I started with the Adafruit PyBadge. This is a 120 MHz ATSAMD51 based board that can be easily reflashed using a variety of UF2 images. I put on the latest stable CircuitPython, 7.0, and updated the .mpy files in the filesystem with the latest compatible version. I'd previously used this to make a personal badge for our last big in-person meeting at my employer, so I had to archive away all the files from that to make a clean slate. I'd also made a case for it from a Thingiverse project earlier in 2021 after getting my 3D printer, so that stayed in place.

Audio Playback

The first thing I needed to get working was the MP3 playback. The original MP3 file for the song was about 7MB, far larger than the 2MB flash storage on the device. However, it also had way too much data for the little speaker on the PyBadge to render, so I loaded it into Audacity, mixed it down to mono, then output it as a low-bitrate VBR MP3 file. This reduced the size to 1.2MB. Later, I would take it further to a 32 Kbps CBR MP3 (880K) as part of optimization.

To play back the audio, CircuitPython has a audiomp3 module that hooks into its playback system. Upon trying it, I found that the volume was extremely loud, I had to setup an audiomixer instance and route it through there for level control.
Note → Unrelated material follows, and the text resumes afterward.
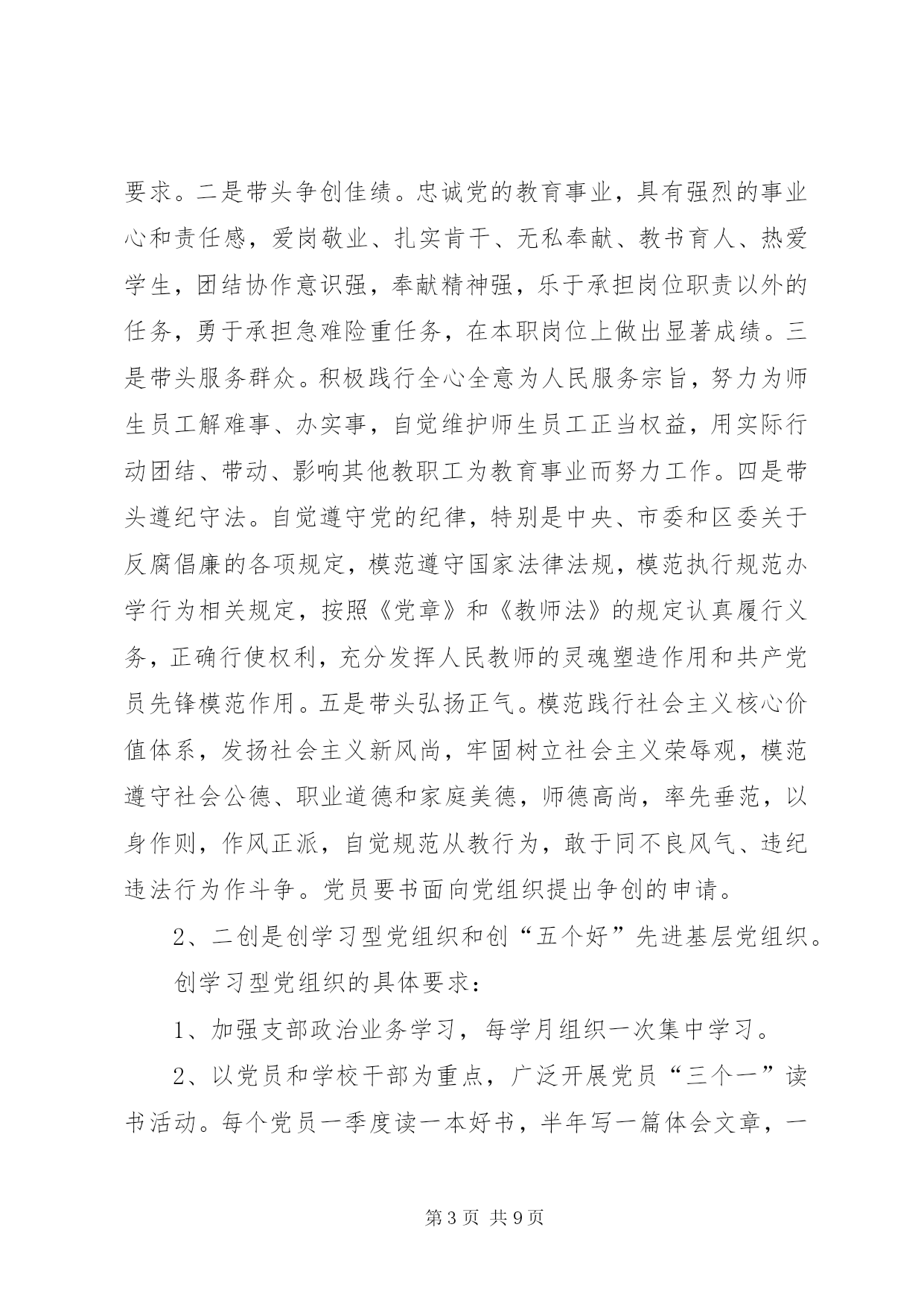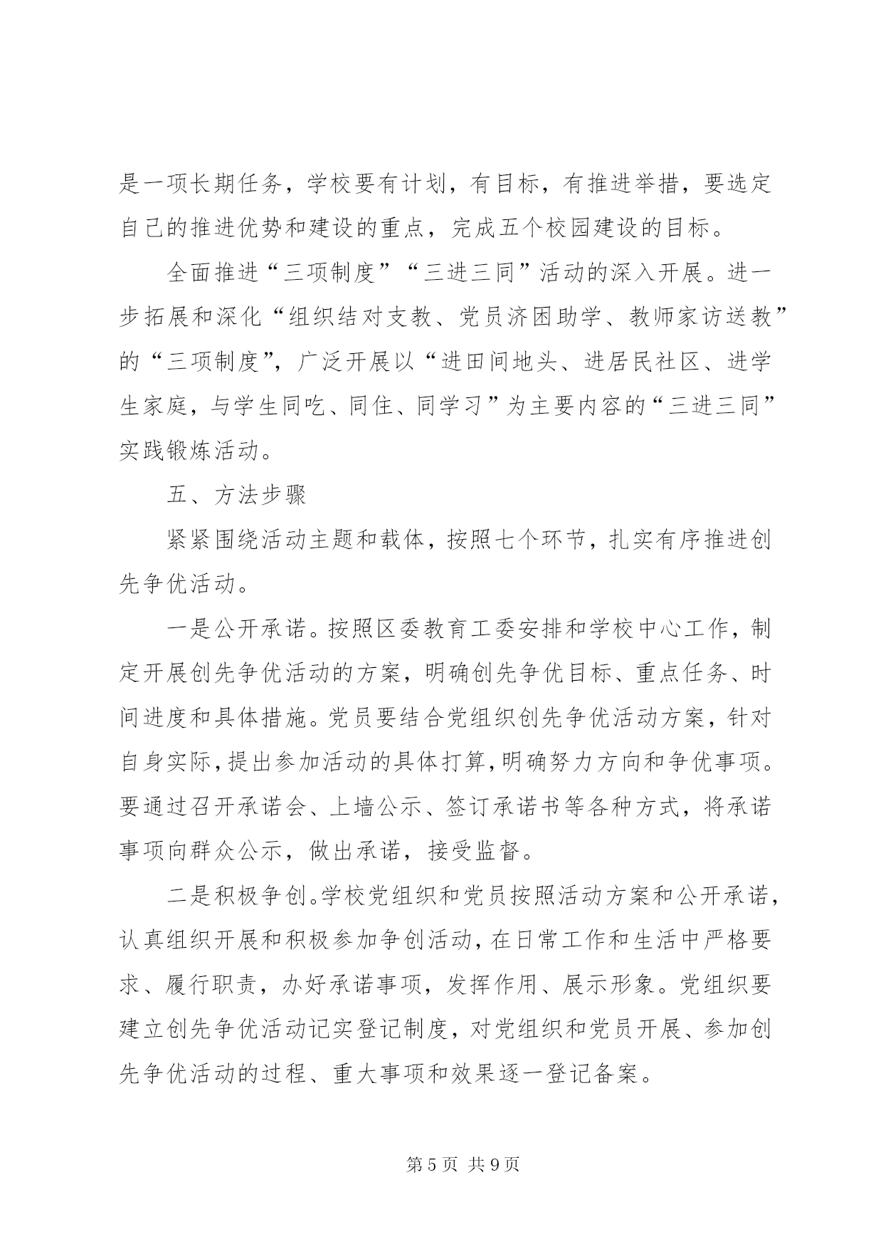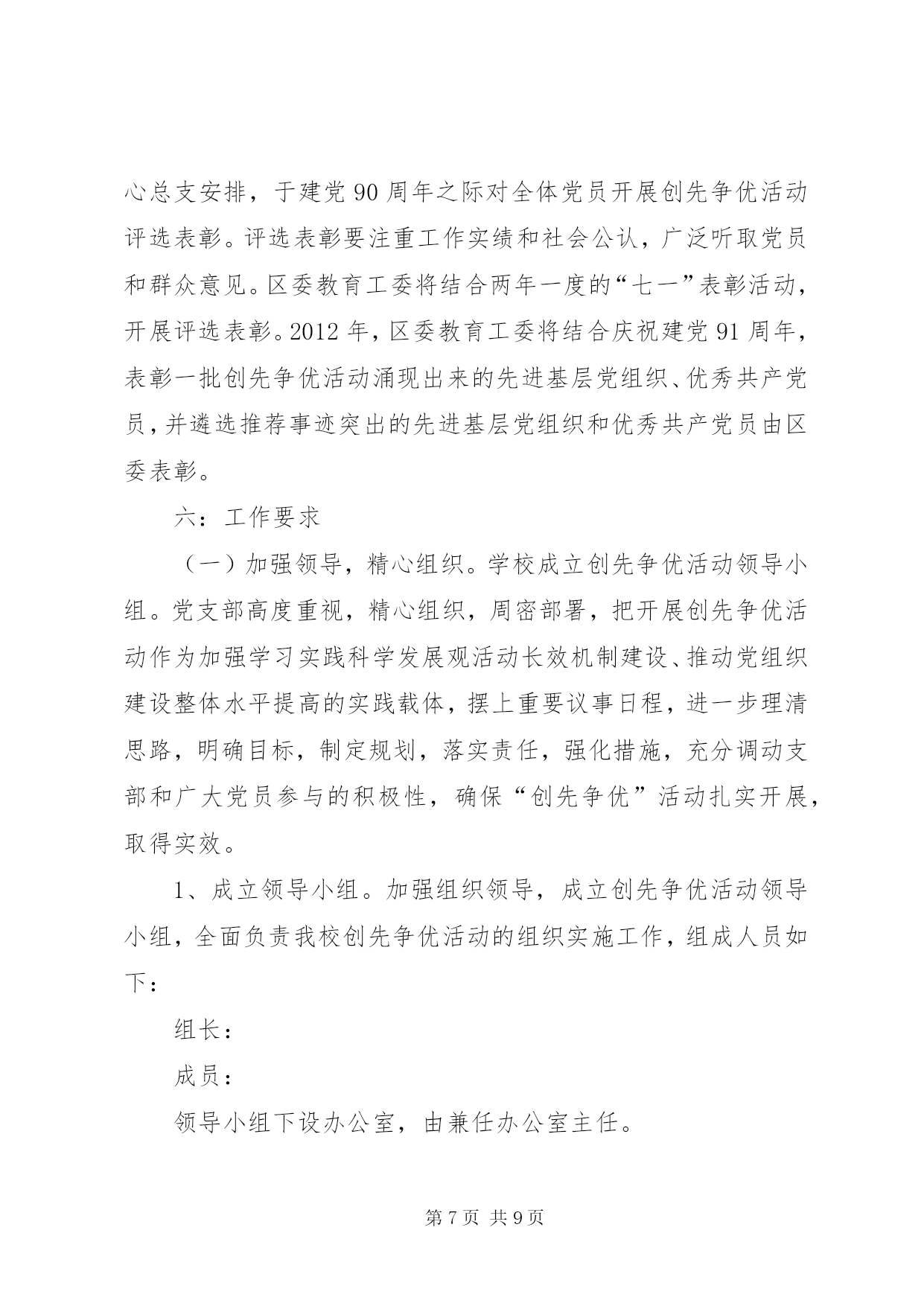 第PAGE\*Arabic\*MERGEFORMAT9页共NUMPAGES\*MERGEFORMAT9页小学创先争优活动方案为全面加强学校党支部建设,切实提高学校党支部在推进教育科学发展中的执行力,努力把学校党支部建设成为贯彻落实科学发展观的坚强堡垒,把广大党员队伍建设成为贯彻落实科学发展观的骨干力量,根据江津区委办《关于在全区党的基层组织和党员中开展创先争优活动的意见》(江津委办发〔2010〕21号)、《中共XX市江津区委组织部、中共XX市江津区委教育工作委员会印发的通知》(津委组〔2010〕50号)、《中共XX市江津区李市教育管理中心总支委员会印发的通知》(李教管总支发〔2010〕8号)要求,结合我校教育实际,制定《大桥小学校党支部深入开展创先争优活动实施方案》如下:一、指导思想以邓小平理论和“三个代表”重要思想为指导,深入学习实践科学发展观,紧紧围绕办人民满意的教育为目标,大力加强学校党支部建设和党员队伍建设,充分发挥学校党支部的战斗堡垒作用和共产党员的先锋模范作用,推进学校教育又好又快的科学发展。二、活动主题本次活动,江津区教委统一确定了主题和载体。主题是:“为师为范、倾情育人”;载体是:“培育优良‘三风’、争创一流学校”。以开展“树优良师德师风、做人民满意教师”主题实践活动为抓手,通过设立党员教师教学示范岗、党员职工服务示范岗等发挥党员作用,改善教育系统校风、教风、学风,提高教学质量,努力使教育让党放心、让人民满意。我校党支部以“做学生贴心人,育社会栋梁材”为主题,以“培育优良‘三风’、争当育人标兵”为载体,通过设立党员教师教学示范岗、党员职工服务示范岗等发挥党员作用,改善教育系统校风、教风、学风,提高教学质量,努力使教育让党放心、让人民满意。三、参加活动对象学校全体共产党员、入党积极分子。四、重点任务完成二二三工程(二争二创三推进活动)1、二争是争当优秀共产党员和争创党员示范岗。争创党员示范岗。党支部通过争创党员示范岗的系列活动的开展,对每个党员进行考核评议,对工作成绩突出的党员授予党员示范岗荣誉牌同时作为评选推荐优秀共产党员的条件。争创优秀共产党员。优秀共产党员的基本条件是,模范履行党章规定的义务,努力做到“五带头”:一是带头学习提高。认真学习实践科学发展观,自觉坚定理想信念;认真学习科学文化知识,成为本职工作的行家里手,成为学校工作的骨干;按照教育部的要求,树立终身学习思想,广泛阅读,把阅读变成悦读,让阅读成为一种习惯。具体学习要求见创学习型党组织对党员的要求。二是带头争创佳绩。忠诚党的教育事业,具有强烈的事业心和责任感,爱岗敬业、扎实肯干、无私奉献、教书育人、热爱学生,团结协作意识强,奉献精神强,乐于承担岗位职责以外的任务,勇于承担急难险重任务,在本职岗位上做出显著成绩。三是带头服务群众。积极践行全心全意为人民服务宗旨,努力为师生员工解难事、办实事,自觉维护师生员工正当权益,用实际行动团结、带动、影响其他教职工为教育事业而努力工作。四是带头遵纪守法。自觉遵守党的纪律,特别是中央、市委和区委关于反腐倡廉的各项规定,模范遵守国家法律法规,模范执行规范办学行为相关规定,按照《党章》和《教师法》的规定认真履行义务,正确行使权利,充分发挥人民教师的灵魂塑造作用和共产党员先锋模范作用。五是带头弘扬正气。模范践行社会主义核心价值体系,发扬社会主义新风尚,牢固树立社会主义荣辱观,模范遵守社会公德、职业道德和家庭美德,师德高尚,率先垂范,以身作则,作风正派,自觉规范从教行为,敢于同不良风气、违纪违法行为作斗争。党员要书面向党组织提出争创的申请。2、二创是创学习型党组织和创“五个好”先进基层党组织。创学习型党组织的具体要求:1、加强支部政治业务学习,每学月组织一次集中学习。2、以党员和学校干部为重点,广泛开展党员“三个一”读书活动。每个党员一季度读一本好书,半年写一篇体会文章,一年参加一次交流研讨和考评。把学习作为党员队伍建设的主要特征、组织活动的重要内容、提高战斗力的重要途径,坚持理论学习与有关政策和业务学习相结合。3、把学习任务细化到每个党小组、每个党员。每个党员每年订出读书计划、开出阅读书目、记好学习笔记。4、对党员学习情况要进行记载和公示,把党员学习情况纳入党员民主评议、年度考核、评先评优。“五个好”的基本要求。一是领导班子好。领导班子能深入学习实践科学发展观,认真贯彻党的路线方针政策,依法治校,坚持民主集中制,决策科学民主,有较强的凝聚力和战斗力;班子成员团结协作,求真务实,模范遵守党风廉政建设若干规定,无违纪违规行为。二是党员队伍好。党员素质优良,有较强的党员意识,能够充分发挥先锋模范作用。三是工作机制好。规章制度完善,管理措施到位,工作运行顺畅有序。四是工作业绩好。本单位各项工作成绩显著,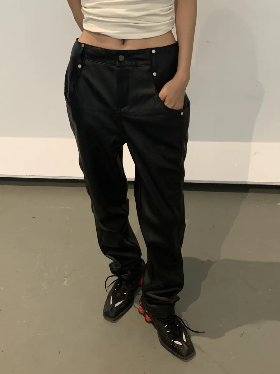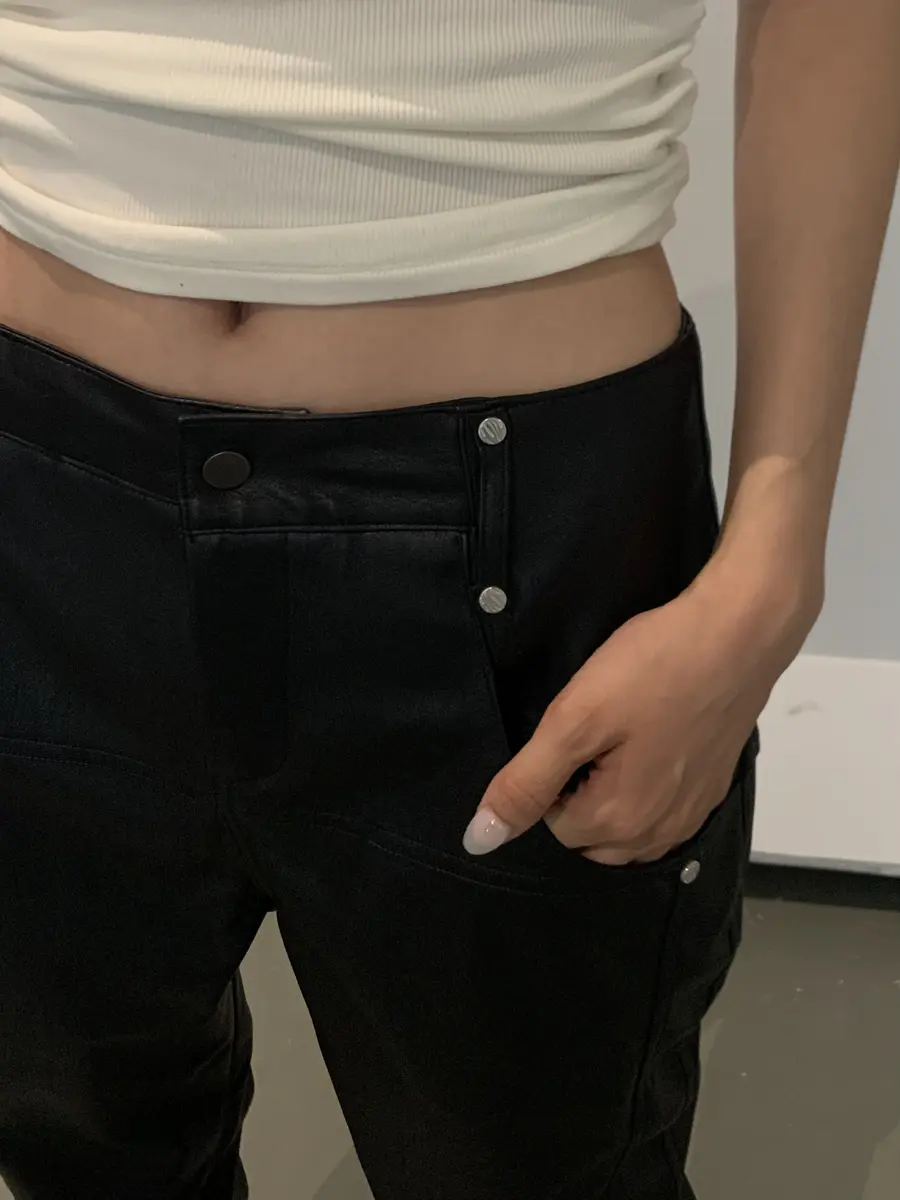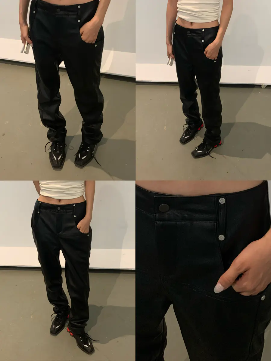 裤子腰头的小金属撞钉增加了该产品的细节装饰感;直筒的版型修身显腿长,是一条万能搭的显瘦皮裤。

The MP3 decoder has a nice property called rms_level where you can get a recently decoded sample's volume level, and seeing that lead to using the front NeoPixels as a VU meter.

Word Clock

To get the actual word clock working too a lot of manual effort. I found lyrics, separated out all the words onto their own lines, converted to lower case, sorted them, ran a unique filter to remove the duplicates, then went through and looked for any weirdness. In the end, the song has only 19 unique words, with two of those variations that can share space in the clock. I tried for a 8x8 layout, but there wasn't enough room, so with some reorganization, I got the 12 x 7 matrix.

To figure out the cue timing, I went back to Audacity. The tool has a nice feature called a label track, and you can quickly add a label with text for any timestamp in the song. After a couple of hours of scrubbing and tagging, I had a fully marked up song, and the label export provided me with a text file that I was able to massage into a Python data structure. Of course, being Daft Punk, there are parts where the lyrics are so manipulated that I just had to put my hands in the air and give up until something became intelligible again.

In the Python code, I made a WordCloud class that embedded all the cues, the position of each word in the grid, and the grid data itself. The grid is implemented using displayio and adafruit_display_text, using the built-in font, which happens to be 6x12 monospaced. I originally had it all scaled x2, which filled the screen nicely, but I it also caused performance problems, so I ended up unscaled and centered.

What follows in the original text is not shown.